Seine Schwester fand das nicht so toll, denn sie landete zu Füßen des
verdutzten Herrn Eichhorns. Dort harrte sie geduldig auf die
Strafpredigt der Eltern, während sie schuldbewusst am Boden liegen
blieb. Ihr weißes Fell stand wirr vom Körper ab.
Weiß?
– Moment mal!
Normalerweise sind Eichhörnchen in unserer Region nicht weiß, sondern
ihr Fell glänzt in einem satten rotbraunen Farbton. Einige sind grau
oder schwarz, andere wiederum haben hübsche Streifen auf dem Rücken.
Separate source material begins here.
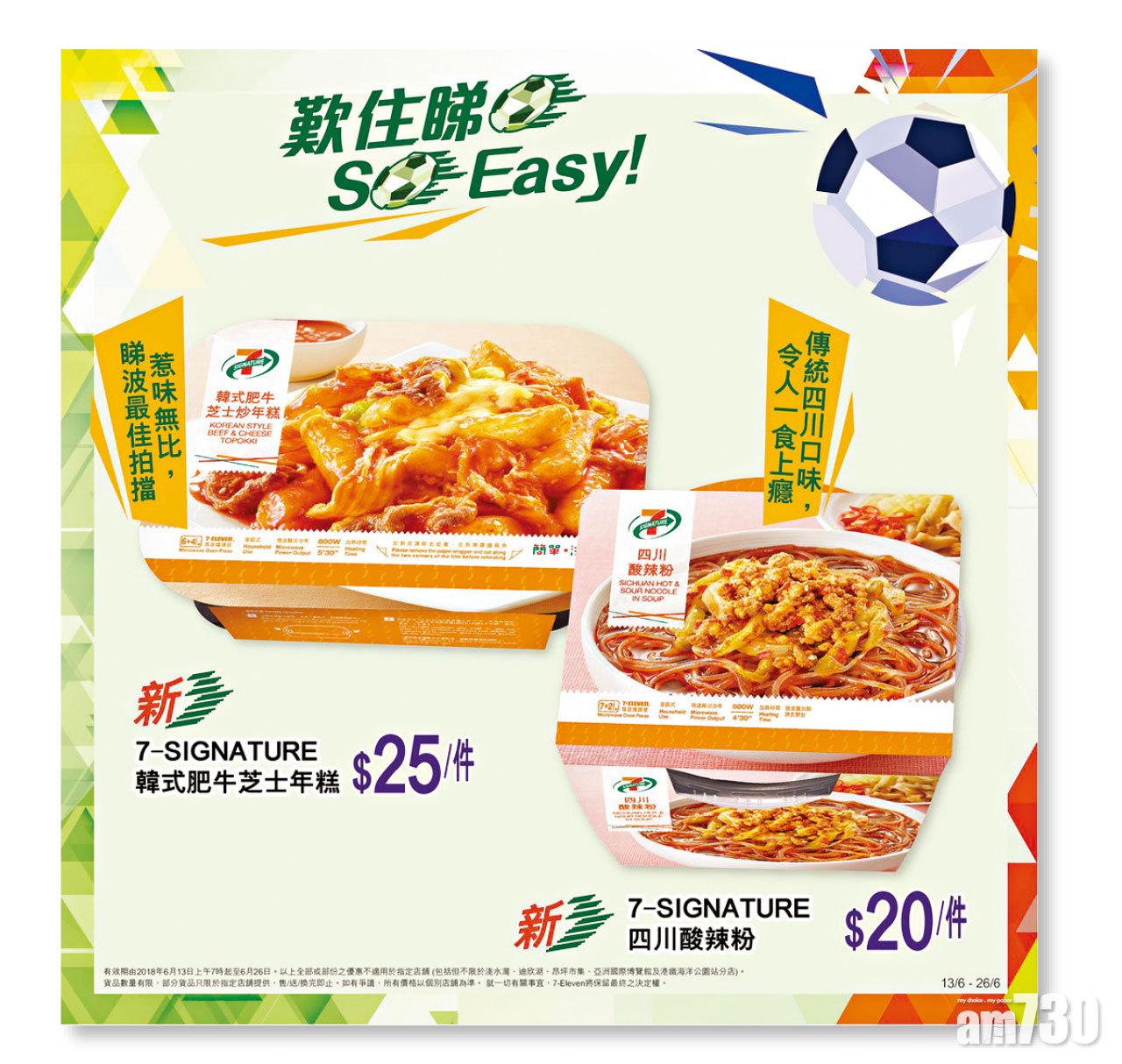 睇波季節,7-Eleven繼早前推出炒飯系列、意粉系列及冷麵系列,今次再推出飯盒系列,2款火辣新口味美食再度登場,包括7-SIGNATURE四川酸辣粉及7-SIGNATURE韓式肥牛芝士年糕,真係歎住睇波So Easy!

Nur auf dem Bauch befindet sich ein weißer Fleck. Allerdings nicht bei
Flups, sie sah einfach anders aus. Ihr Fell war rundum schneeweiß.
»Jetzt ist es aber genug«, schimpfte die Mutter der beiden, »wir haben
keine Zeit für eure Streitigkeiten. Wir müssen uns sputen, damit wir
genügend Bucheckern und Fichtenzapfen für die kargen Wintermonate
sammeln. Eine Pfote voll Beeren zum Nachtisch wäre ebenfalls nicht
schlecht.« Genüsslich fuhr sie sich mit der Zunge über das
Schnäuzchen,
als sie an die reichlichen Leckereien dachte, die im Herbst einfach
von den Bäumen und Sträuchern niederfielen wie im Schlaraffenland.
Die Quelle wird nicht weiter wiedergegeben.